#### AIM OF THE TASK
From the listing below, please restate exactly the lines beginning at the one with "5月23日,高密彩虹紡織有限公司防靜電純棉網格C100 20x16 128x60" and ending at the one with "汇纳合金9通遥控半挂平板工程车仿真灯光音效1:24运输挖掘机玩具", both included, and skip the pictures.

#### INFORMATION
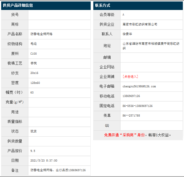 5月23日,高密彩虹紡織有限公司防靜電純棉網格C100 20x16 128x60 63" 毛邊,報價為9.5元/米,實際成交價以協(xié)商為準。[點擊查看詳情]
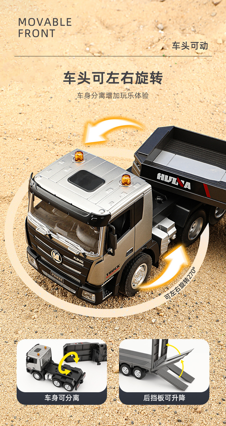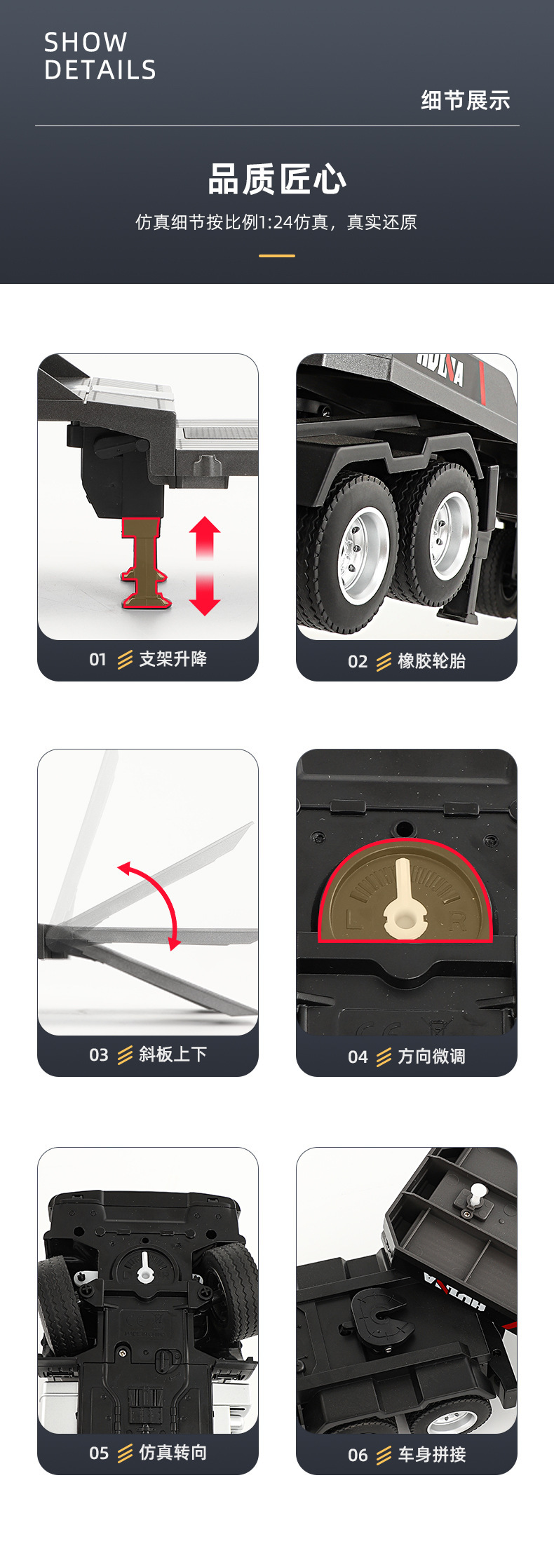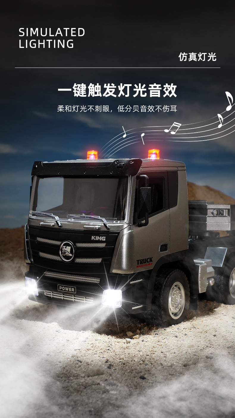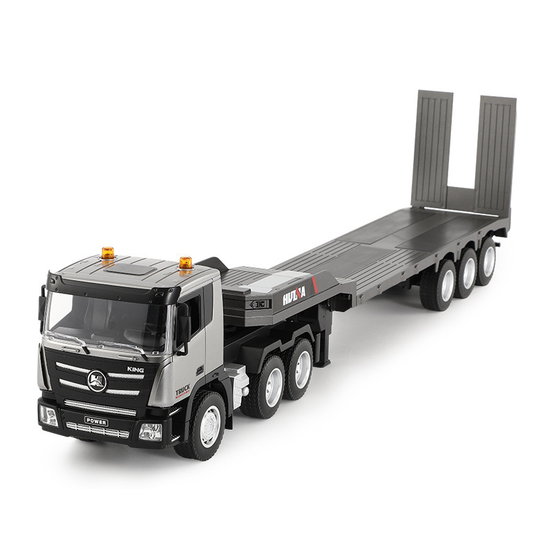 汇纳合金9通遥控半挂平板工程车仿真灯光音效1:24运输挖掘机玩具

---

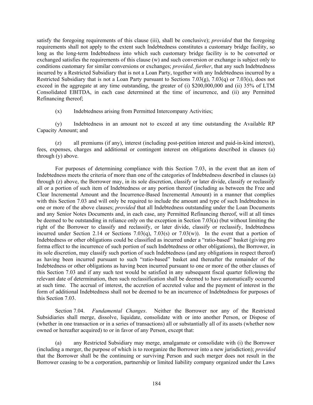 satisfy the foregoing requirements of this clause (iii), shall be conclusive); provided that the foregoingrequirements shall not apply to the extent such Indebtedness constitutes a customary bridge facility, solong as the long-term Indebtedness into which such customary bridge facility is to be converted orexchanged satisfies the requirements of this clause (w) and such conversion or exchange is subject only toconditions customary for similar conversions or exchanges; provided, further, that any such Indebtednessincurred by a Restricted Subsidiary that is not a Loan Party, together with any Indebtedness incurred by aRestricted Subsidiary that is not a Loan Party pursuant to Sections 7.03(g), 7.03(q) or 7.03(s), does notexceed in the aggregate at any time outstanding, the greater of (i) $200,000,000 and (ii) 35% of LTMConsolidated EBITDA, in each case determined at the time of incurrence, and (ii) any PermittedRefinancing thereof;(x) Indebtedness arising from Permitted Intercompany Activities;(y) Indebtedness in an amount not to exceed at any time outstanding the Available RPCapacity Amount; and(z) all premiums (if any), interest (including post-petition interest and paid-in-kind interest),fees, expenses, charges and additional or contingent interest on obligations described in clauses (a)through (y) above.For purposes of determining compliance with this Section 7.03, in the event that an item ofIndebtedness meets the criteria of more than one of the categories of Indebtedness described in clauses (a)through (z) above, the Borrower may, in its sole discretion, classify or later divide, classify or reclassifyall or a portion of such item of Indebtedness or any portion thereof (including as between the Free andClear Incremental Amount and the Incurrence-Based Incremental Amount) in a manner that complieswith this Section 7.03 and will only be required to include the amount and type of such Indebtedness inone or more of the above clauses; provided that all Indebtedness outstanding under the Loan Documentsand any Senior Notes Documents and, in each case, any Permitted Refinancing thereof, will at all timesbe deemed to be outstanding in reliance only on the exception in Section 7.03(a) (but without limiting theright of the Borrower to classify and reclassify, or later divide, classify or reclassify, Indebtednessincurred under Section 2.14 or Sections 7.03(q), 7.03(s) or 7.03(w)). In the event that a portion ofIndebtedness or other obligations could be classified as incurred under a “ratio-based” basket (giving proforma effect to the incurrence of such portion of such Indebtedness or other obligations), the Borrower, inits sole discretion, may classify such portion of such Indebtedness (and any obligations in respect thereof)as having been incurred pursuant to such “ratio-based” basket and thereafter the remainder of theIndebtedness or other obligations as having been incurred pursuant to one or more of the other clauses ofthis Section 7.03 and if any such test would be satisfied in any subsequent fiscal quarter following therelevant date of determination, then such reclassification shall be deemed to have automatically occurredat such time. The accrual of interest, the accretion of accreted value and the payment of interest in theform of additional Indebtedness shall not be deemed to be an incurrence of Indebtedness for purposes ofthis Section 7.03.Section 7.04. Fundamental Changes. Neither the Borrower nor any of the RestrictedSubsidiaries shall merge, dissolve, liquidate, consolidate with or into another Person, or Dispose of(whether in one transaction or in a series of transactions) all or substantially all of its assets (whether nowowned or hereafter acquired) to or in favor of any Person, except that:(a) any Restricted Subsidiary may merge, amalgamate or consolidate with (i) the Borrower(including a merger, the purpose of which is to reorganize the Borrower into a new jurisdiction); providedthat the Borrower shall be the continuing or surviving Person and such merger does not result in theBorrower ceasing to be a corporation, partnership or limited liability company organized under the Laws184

#### TASK RESULT
 5月23日,高密彩虹紡織有限公司防靜電純棉網格C100 20x16 128x60 63" 毛邊,報價為9.5元/米,實際成交價以協(xié)商為準。[點擊查看詳情]
 汇纳合金9通遥控半挂平板工程车仿真灯光音效1:24运输挖掘机玩具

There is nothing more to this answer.